ちょっと眠って、目が覚めたらお腹がすいている。
今日の夕食はベッドで取る事になったので、そのまま待機だ。
ちょっと椅子に座って食べるのはきつそうだったから、それは良いのだが、ルーは帰らなくて良いのだろうか。
他の方々は、私が眠っている間にお帰りになったのに、ルーは大丈夫なのかな。
夕食の、昆布出汁の効いた玉子と細ネギのおかゆを、ルーがレンゲにすくって食べさせてくれるのだが、大変申し訳ない。
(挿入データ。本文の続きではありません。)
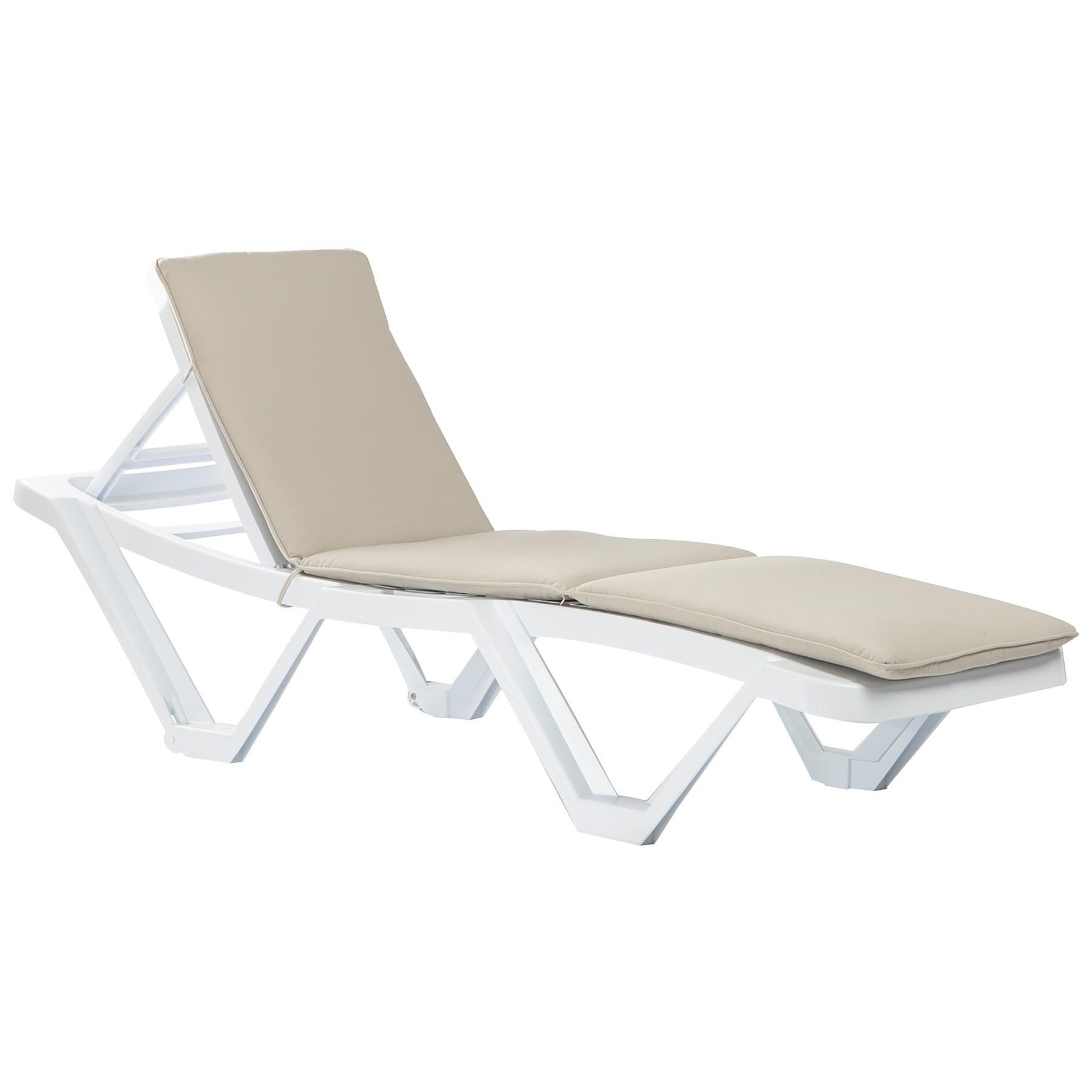 Master Sun Lounger & Cushion Set White/Beige
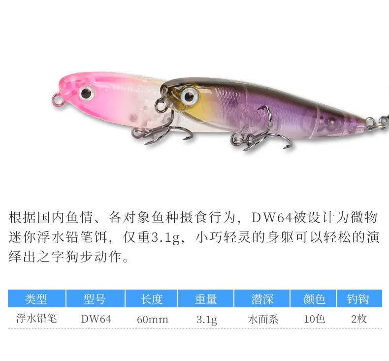 Señuelos de Pesca con lápiz flotante, cebo duro Artificial para trucha, lubina, Lucio, Swimbait, Wobbler, aparejos 3D, 60mm, 3,1g
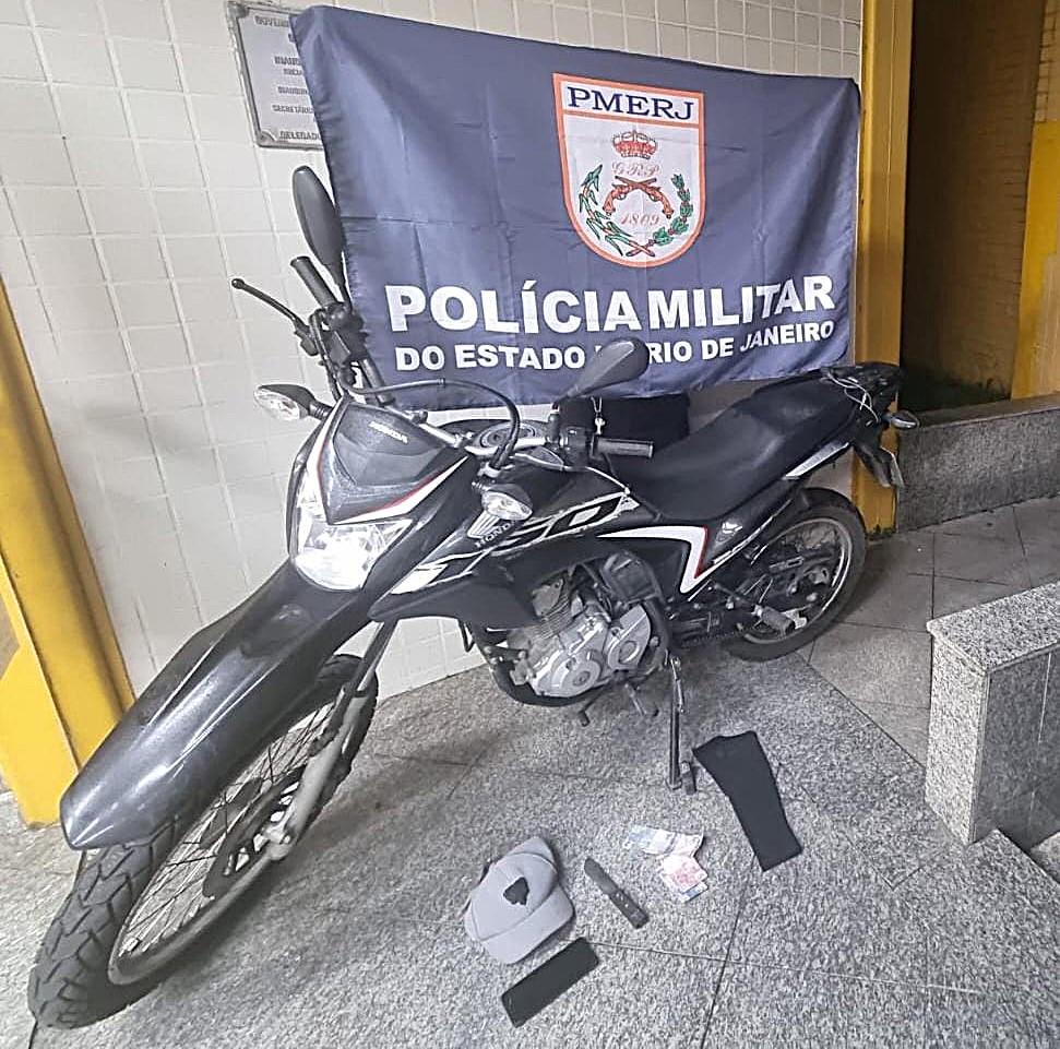 A vítima, uma jovem de 21 anos, relatou aos policiais que havia acabado de sair do trabalho quando foi surpreendida pelo homem, que exigiu sua motocicleta Honda Bros, de cor preta, sob ameaça com uma faca. O suspeito foi localizado e abordado ainda com a arma branca na cintura.
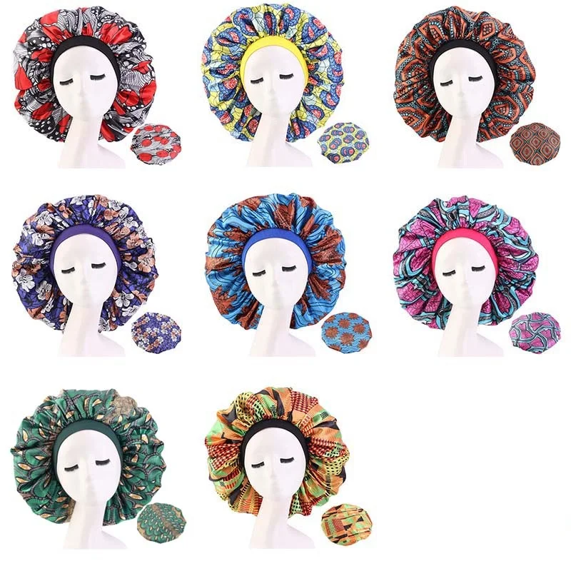 Новая женская сатиновая шапка большого размера с красивым принтом, шелковая шляпа шапка для сна, головной убор, шапка для вьющихся, пружинящих волос, черного цвета
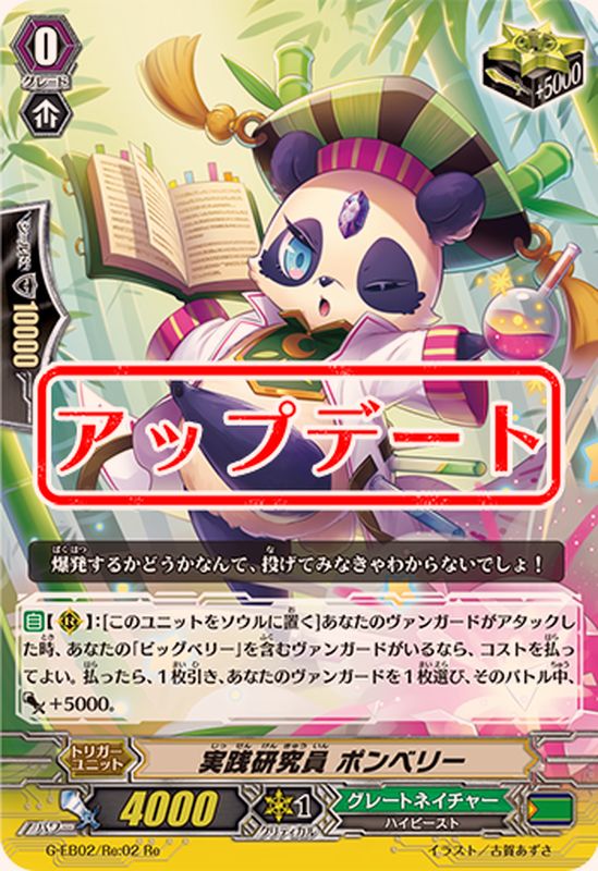 アップデート:シールド、トリガー、テキスト【自】【(R)】:「ビッグベリー」を含むグレード3以上のあなたのヴァンガードがアタックした時、【コスト】[このユニットをソウルに置く]ことで、1枚引き、あなたのヴァンガードを1枚選び、そのバトル中、パワー+5000。【自】:このカードがダメージチェックで出た時、1枚引く。

しかも猫舌の私の為にフーフーと冷ましてくれたりするから、非常にいたたまれないのだが……
「ルー? あの、一人で食べられるよ」
自力で食べるのは無理かなぁと思いつつルーに言ったら
「無理をするな。一人では食べられぬのは知っている」
そう言われたらそうなのだが、ルーは食べなくても良いのか心配になる。
「ルー、夕食は?」
それに決然とルーは返す。
「帰った後、食す故、気にするな」
もう、色々言っても無駄な感じがしなくもない。
「いつまでいる気?」
ルーが心配なのと申し訳ないのとで訊くと
「私がいるのは、嫌か?」
悲しそうなルーに太刀打ちできるはずもなく
「嫌じゃ無いけれど、でも、お腹空かない?」
それには微笑みながらルーは返してきた。
「エルザが居れば、私は平気だ。寝るまで側に居る」
驚いて訊き返した。
「寝るまでって、それじゃルー、大変じゃない?」
ルーは嬉しくて嬉しくて堪らない様子で
「エルザと話すのも側に居るのも、とても心地良い。失うかと思ったのに比べれば雲泥だ。故に私は問題ない」
どうも何を言っても聞きそうにないな、これは。
「ルー、ありがとう」
腹を括って、お礼を言った。
私も嬉しいのは確かなのだ。
ただ、世話ばかり焼かれて申し訳ないのも確かなのだが、感謝の言葉の方がこの場合、言われた方も言った方も双方に良いかなと思う。
「うむ。エルザ、私の方こそ、ありがとう」
ルーに感謝されたのだが、理由は不明である。
訊いてもはぐらかすし。
私といるとルーは安定するみたいだから、今日は寝るまで一緒にいるのも良いかもしれない。
ルーが手を繋いてくれているのを感じながら、本日は眠りについた。
私がいなくても、ルーが道しるべを見つけられるのを願っているし、ルーに、幸せになって欲しいな。
そんな事を思っていたら、自然と眠っていた。